Provided data:

**********

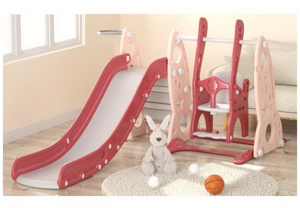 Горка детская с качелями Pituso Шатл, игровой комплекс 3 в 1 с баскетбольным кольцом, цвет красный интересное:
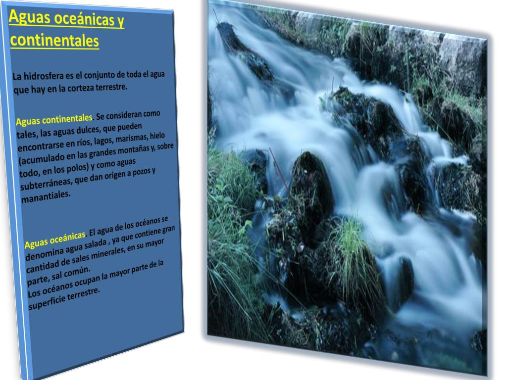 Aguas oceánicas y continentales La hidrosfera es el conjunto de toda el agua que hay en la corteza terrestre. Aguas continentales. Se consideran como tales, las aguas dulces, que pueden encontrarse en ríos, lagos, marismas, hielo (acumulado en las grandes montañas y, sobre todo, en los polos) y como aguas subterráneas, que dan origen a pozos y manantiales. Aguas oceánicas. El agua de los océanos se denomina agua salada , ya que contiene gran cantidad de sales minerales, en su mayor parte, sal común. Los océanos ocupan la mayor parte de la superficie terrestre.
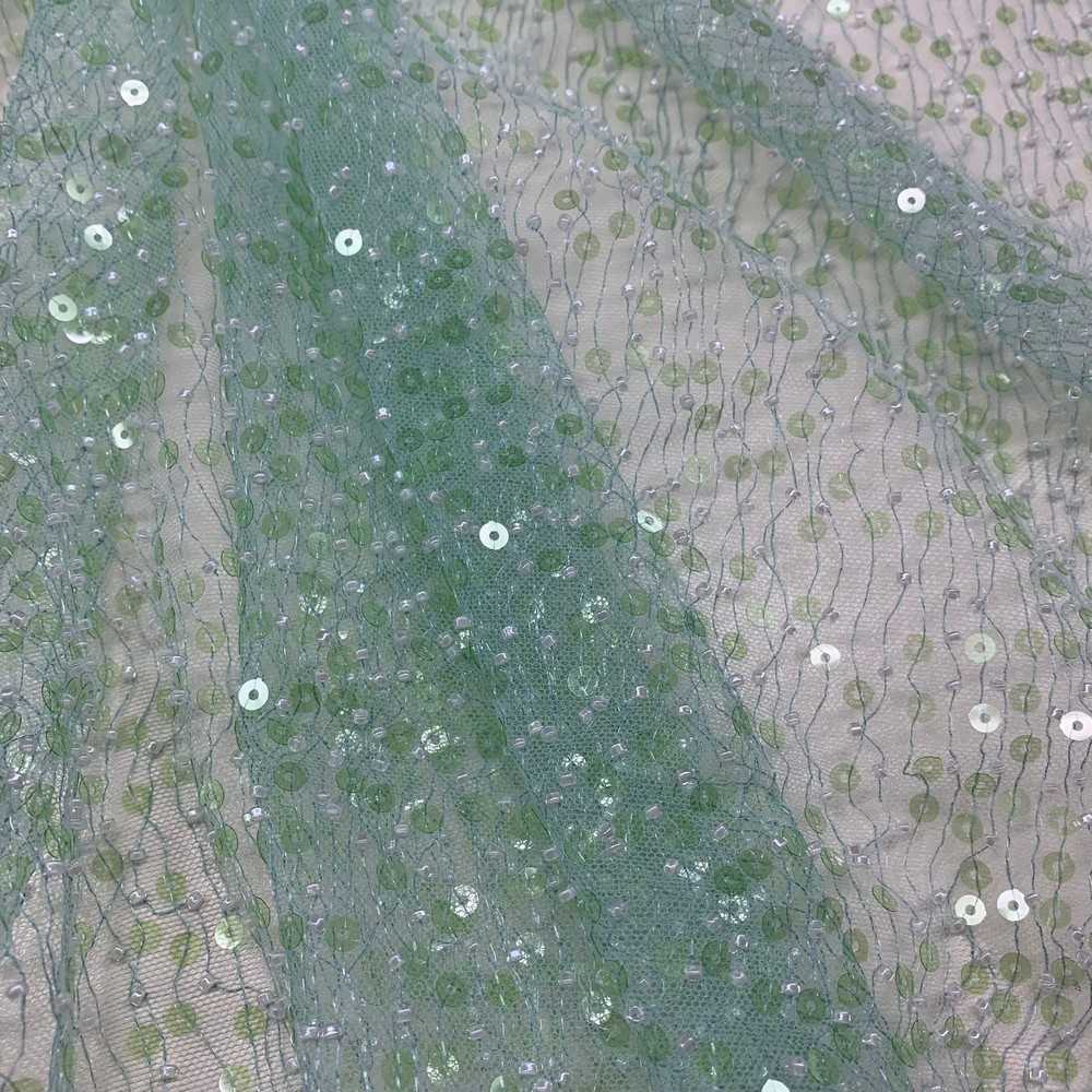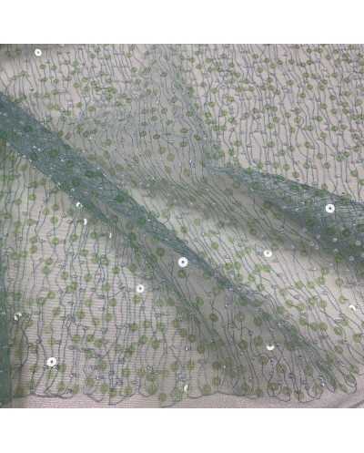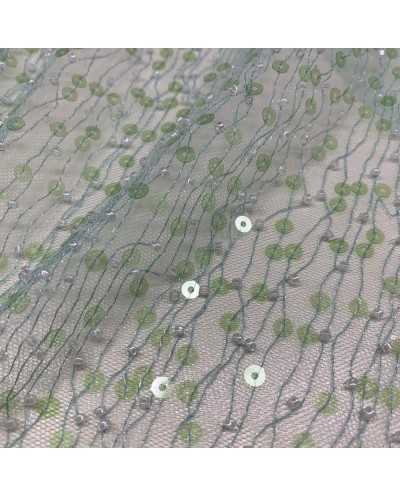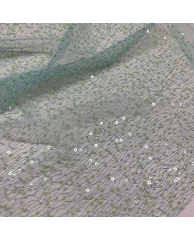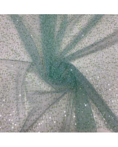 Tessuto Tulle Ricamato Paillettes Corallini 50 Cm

**********

Task prompt:
Write out the material above exactly. Skip the pictures.

Exercise result:
 Горка детская с качелями Pituso Шатл, игровой комплекс 3 в 1 с баскетбольным кольцом, цвет красный интересное:
 Aguas oceánicas y continentales La hidrosfera es el conjunto de toda el agua que hay en la corteza terrestre. Aguas continentales. Se consideran como tales, las aguas dulces, que pueden encontrarse en ríos, lagos, marismas, hielo (acumulado en las grandes montañas y, sobre todo, en los polos) y como aguas subterráneas, que dan origen a pozos y manantiales. Aguas oceánicas. El agua de los océanos se denomina agua salada , ya que contiene gran cantidad de sales minerales, en su mayor parte, sal común. Los océanos ocupan la mayor parte de la superficie terrestre.
 Tessuto Tulle Ricamato Paillettes Corallini 50 Cm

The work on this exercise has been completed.